Страница 16 из 25
Последние минуты он особенно внимательно прислушивался к чтению.
— Ты думаешь? — Фенин, не изменяя позы, задумчиво смотрел перед собой. — А по моему, это очень похоже на правду. О гражданской-то войне верно — я сам был здесь, подкапывался под белых. Помню и казачьего атамана Тихонова — зверюга был, прямо бог и царь. Рабочих направо и налево вешал, сам приезжал на казни смотреть. А в Лондоне вот: «скажите вашим лакеям…» Наверное, там по ночлежкам ночует да вспоминает прежнее житье…
Иванов встал с дивана.
— Фенин, не запускай арапа! Ты знаешь, что я говорю не про это!
— О чем же ты? — рассеянно спросил Фенин, продолжая смотреть в одну точку.
— Я говорю о строке в письме Добротворского. Он пишет, что знаком и даже хорошо знаком со мной, хотя я никогда даже не говорил с ним. Я вообще не знаю, что здесь происходит. Третьего дня этот идиотский разговор о портрете, сегодня отрывок из письма, приключение с моей женой. Какая-то чертова путаница! Хорошо, я согласен, что рассказ о кладе любопытная и вполне допустимая вещь, Но при чем здесь Маруся? Может быть, теперь… — он повернулся к Маку.

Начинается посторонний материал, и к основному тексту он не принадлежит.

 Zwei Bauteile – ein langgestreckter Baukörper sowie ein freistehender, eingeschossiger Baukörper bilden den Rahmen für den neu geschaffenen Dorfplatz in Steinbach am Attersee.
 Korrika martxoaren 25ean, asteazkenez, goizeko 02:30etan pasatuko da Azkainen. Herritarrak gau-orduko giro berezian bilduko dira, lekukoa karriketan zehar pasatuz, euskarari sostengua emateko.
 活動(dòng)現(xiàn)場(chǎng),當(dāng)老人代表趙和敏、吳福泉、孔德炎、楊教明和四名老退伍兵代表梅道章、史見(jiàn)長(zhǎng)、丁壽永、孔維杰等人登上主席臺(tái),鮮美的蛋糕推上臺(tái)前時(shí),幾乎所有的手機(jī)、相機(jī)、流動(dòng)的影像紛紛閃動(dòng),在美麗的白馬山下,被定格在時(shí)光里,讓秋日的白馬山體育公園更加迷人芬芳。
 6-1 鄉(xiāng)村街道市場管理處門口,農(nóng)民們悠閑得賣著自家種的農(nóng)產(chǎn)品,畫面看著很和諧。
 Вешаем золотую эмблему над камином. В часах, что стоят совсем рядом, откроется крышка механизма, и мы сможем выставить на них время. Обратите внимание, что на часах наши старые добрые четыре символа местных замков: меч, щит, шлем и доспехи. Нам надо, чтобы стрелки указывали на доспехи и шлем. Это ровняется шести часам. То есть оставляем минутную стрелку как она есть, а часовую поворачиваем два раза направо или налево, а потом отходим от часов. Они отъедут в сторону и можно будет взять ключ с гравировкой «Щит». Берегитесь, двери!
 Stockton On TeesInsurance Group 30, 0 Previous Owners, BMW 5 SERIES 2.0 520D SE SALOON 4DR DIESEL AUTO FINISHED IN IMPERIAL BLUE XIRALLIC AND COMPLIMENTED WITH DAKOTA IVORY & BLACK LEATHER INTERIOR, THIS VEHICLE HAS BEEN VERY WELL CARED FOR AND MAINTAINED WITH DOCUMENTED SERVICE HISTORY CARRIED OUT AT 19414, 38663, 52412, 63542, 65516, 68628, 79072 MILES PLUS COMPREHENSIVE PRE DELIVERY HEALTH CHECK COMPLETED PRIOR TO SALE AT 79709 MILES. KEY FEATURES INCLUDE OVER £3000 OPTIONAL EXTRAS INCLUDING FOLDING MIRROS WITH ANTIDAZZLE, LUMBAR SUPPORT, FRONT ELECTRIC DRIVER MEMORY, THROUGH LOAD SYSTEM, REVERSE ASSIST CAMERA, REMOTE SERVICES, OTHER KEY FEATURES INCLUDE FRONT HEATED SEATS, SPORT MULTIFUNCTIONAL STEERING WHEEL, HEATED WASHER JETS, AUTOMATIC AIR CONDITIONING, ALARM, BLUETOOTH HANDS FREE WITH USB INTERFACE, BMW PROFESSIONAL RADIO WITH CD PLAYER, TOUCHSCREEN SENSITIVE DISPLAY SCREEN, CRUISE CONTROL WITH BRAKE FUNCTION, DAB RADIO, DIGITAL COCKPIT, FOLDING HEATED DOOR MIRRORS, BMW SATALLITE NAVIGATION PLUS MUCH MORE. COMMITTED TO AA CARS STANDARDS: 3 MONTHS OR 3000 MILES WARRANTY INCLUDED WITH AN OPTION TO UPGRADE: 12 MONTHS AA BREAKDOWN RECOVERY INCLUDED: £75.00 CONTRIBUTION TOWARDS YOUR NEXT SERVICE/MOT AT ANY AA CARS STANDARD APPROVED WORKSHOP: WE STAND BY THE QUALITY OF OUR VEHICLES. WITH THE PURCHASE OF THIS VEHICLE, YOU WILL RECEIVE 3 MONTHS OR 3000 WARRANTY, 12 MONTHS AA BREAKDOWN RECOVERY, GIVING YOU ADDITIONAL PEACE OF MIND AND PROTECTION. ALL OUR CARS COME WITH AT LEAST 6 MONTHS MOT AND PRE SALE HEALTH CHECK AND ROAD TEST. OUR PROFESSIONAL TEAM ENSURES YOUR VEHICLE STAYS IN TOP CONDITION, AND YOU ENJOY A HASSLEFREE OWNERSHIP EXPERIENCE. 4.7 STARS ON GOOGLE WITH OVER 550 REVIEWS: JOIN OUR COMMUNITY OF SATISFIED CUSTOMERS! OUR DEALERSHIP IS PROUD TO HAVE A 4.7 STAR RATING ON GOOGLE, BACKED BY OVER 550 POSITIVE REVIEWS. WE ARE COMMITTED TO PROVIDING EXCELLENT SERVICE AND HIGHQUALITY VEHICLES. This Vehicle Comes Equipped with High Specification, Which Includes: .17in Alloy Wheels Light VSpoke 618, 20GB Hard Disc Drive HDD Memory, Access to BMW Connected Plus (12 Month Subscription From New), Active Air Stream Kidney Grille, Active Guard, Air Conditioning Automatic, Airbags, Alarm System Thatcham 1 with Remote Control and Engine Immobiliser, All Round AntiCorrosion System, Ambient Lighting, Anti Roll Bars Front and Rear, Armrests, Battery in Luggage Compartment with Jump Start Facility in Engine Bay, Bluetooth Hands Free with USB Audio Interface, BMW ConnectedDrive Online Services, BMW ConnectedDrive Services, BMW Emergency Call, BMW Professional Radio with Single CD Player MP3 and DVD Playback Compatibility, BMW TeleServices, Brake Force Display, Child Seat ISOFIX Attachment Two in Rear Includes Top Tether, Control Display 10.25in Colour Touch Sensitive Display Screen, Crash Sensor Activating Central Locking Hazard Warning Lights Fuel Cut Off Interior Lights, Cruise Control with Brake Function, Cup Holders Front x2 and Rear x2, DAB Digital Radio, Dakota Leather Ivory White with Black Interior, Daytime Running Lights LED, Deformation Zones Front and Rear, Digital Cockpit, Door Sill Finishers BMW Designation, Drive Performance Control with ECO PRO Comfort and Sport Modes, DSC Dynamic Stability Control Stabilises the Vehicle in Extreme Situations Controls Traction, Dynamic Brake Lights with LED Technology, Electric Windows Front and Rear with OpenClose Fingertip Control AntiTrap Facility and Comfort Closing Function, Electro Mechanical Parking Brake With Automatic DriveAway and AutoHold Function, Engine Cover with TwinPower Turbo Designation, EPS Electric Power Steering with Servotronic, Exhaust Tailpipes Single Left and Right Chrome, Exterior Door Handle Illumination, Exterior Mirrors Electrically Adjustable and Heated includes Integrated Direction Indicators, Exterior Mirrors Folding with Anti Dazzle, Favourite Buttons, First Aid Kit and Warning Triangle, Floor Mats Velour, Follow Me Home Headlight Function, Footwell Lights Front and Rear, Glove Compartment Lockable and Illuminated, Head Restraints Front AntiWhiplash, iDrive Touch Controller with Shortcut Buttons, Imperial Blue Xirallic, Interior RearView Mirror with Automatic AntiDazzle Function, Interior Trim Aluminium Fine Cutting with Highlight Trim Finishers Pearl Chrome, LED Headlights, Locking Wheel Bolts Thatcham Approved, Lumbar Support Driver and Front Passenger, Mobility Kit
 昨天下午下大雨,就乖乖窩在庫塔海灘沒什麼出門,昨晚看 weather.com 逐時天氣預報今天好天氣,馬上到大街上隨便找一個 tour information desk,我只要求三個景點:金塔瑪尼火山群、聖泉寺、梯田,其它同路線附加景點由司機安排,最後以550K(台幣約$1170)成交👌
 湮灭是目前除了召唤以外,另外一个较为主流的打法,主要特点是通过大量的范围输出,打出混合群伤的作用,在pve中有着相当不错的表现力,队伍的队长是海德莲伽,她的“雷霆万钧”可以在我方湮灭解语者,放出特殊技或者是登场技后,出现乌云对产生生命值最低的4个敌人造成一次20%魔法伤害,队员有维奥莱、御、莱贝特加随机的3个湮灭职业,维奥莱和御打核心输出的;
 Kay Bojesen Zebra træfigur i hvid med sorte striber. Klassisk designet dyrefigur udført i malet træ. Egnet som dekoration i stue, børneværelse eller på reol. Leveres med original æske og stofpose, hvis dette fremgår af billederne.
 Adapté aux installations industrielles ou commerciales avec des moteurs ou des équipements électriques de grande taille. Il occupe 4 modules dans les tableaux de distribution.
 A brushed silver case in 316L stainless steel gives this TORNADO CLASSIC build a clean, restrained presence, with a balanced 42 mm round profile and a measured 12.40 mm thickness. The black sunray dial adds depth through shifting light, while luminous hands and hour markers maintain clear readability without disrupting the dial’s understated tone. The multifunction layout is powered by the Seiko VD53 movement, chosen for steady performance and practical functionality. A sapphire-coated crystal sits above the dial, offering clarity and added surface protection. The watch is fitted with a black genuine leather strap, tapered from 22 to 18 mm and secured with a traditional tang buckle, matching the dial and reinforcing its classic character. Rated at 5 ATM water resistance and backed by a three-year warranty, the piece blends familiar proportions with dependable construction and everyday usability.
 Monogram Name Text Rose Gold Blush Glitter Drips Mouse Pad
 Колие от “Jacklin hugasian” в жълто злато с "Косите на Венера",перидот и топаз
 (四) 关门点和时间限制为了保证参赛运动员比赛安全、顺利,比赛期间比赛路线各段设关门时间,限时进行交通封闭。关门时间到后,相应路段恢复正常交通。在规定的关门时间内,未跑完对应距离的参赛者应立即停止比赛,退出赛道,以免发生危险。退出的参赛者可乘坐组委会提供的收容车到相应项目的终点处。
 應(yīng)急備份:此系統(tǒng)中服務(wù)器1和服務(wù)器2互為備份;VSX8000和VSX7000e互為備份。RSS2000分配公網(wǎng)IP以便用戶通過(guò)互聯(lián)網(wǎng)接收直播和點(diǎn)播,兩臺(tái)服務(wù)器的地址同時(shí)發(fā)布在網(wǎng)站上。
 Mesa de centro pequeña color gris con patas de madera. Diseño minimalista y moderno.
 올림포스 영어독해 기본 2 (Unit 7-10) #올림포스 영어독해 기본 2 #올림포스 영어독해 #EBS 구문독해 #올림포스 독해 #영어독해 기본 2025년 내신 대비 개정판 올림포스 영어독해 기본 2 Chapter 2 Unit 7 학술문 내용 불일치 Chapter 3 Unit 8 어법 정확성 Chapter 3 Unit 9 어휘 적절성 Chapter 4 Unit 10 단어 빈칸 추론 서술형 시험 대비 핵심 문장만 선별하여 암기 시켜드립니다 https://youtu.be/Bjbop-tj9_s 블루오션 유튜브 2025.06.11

— Товарищ Иванов, может быть, лучше потом… личные дела… — Мак мучительно сморщился. — Смотрите, перед нами важный вопрос, нужно срочно выработать план действий…
— План действий? Выработать? — произнес сквозь зубы Иванов. Его обветренная рука вцепилась в острое плечо журналиста. — К черту план действий. Прежде всего, объясняйтесь. Я чувствую, что вы замешаны во всем этом. Куда девалась Маруся? Ну!
— Пустите! — Мак попробовал стряхнуть руку летчика.
— Ваша жена… Пустите, говорят вам… Почему вы хотите втянуть меня в ваши темные семейные отношения… После того, как вы только случайно не убили ее…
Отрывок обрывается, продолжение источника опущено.